Suasana makan siang di Pulau Batu Belubang.
Selesai makan siang, kamipun dibagi menjadi beberapa kelompok yang
kemudian kelompok- kelompok ini diarahkan untuk menginap di rumah warga Batu
Belobang. Aku bersama beberapa orang blogger Malaysia dan empat orang dari
Kementrian Pariwisata RI kebagian untuk menginap di rumah bertingkat dua milik
pak Asnan, warga setempat.
Setelah meletakan tas- tas bawaan, kami semua diajak mengunjungi
sebuat situs yang menjadi asal muasal nama pulau ini, yakni batu berlubang
(batu belobang).
Batu
Berlubang
Beberapa anak tempatan mengiringi langkah kami menapaki jalan
trotoar di kampung Pulau Batu Berlubang ini. Di bawah rerimbunan pohon kelapa,
di salah satu tanah yang cukup datar dan lapang, beberapa anak kecil sedang
asik bermain gasing kayu. Gasing memang permainan khas di negeri- negeri
Melayu.
Langkah kakipun terbawa melewati pemakaman
kampung. Beberapa nisan tegak menonjol sebagai penanda. Jarak pemakaman ini
tidak terlalu jauh dari deretan rumah warga. Berbelok ke arah kanan dari pemakaman kampung, kami
melintasi hutan savanna kecil setinggi pinggang orang dewasa. Di ujung savanna
ini laut biru nan jernih membentang seluas mata memandang. Pantulan sinar
mentari di siang itu membuat permukaannya berkilauan. Pasirnya yang bersih
ditaburi kerikil- kerikil beraneka warna.

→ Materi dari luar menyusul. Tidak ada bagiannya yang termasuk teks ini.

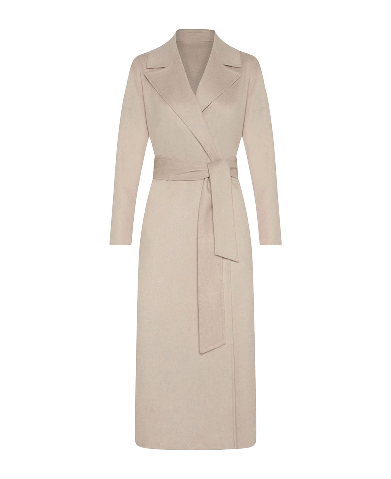 Beige coat in exclusive double cashmere, entirely cut and sewn by hand by our master tailors in Naples using procedures that stay true to our lengthy tailoring heritage. Double cloth combines two layers of a material during the weaving phase thanks to a unique construction method. This makes it possible for the resulting garment to have two completely different faces in terms of appearance and material. Unlined and lightweight, the coat has wide lapels, pockets set into the seams, and high lateral slits. An authentic tailoring masterpiece, the oversize fit brings comfort and freedom of movement to the silhouette. This overcoat is embellished by a decorative accessory: a matching belt that can be tied at the waist. An icon of feminine elegance, this Kiton coat is perfect for formal and informal occasions, bringing an elegant, sophisticated twist to casual ensembles. This Kiton garment speaks to refined women with strong, passionate character, attentive connoisseurs of sartorial traditions. To maintain the beauty of your Kiton coat, we recommend professional laundering and pressing.

Di sana- sini beberapa kerang dan
cangkang siput berserakan, beberapa bergoyang- goyang dimainkan deburan ombak.
Melintasi savanna di Pulau Batu Belobang.

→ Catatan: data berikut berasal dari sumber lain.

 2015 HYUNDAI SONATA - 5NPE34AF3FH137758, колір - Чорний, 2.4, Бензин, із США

Pemandangan pantai Barat Pulau Batu Berlubang.
Kami menyusuri pantai ini ke
arah sebelah kiri. Sekitar 30 meter, jalan yang ditempuhpun mulai
menanjak. Ya, kami menaiki sebuah bukit kecil. Tidak terlalu tinggi, dan tidak
pula terlalu rimbun, namun suasana di dalam pepohonan yang menaungi jalur
mendaki ini cukup teduh.
Butuh setidaknya 10 menit mendaki ke bukit kecil ini, lalu sedikit
menurun. Di sebuah bibir jurang yang terbuka, aku sempat terpana. Pemandangan
di bawah sana sungguh sangat luar biasa indahnya. Laut biru yang membentang,
air bening nan jernih, dan pantai yang melekuk panjang. Jika seperti “wajah”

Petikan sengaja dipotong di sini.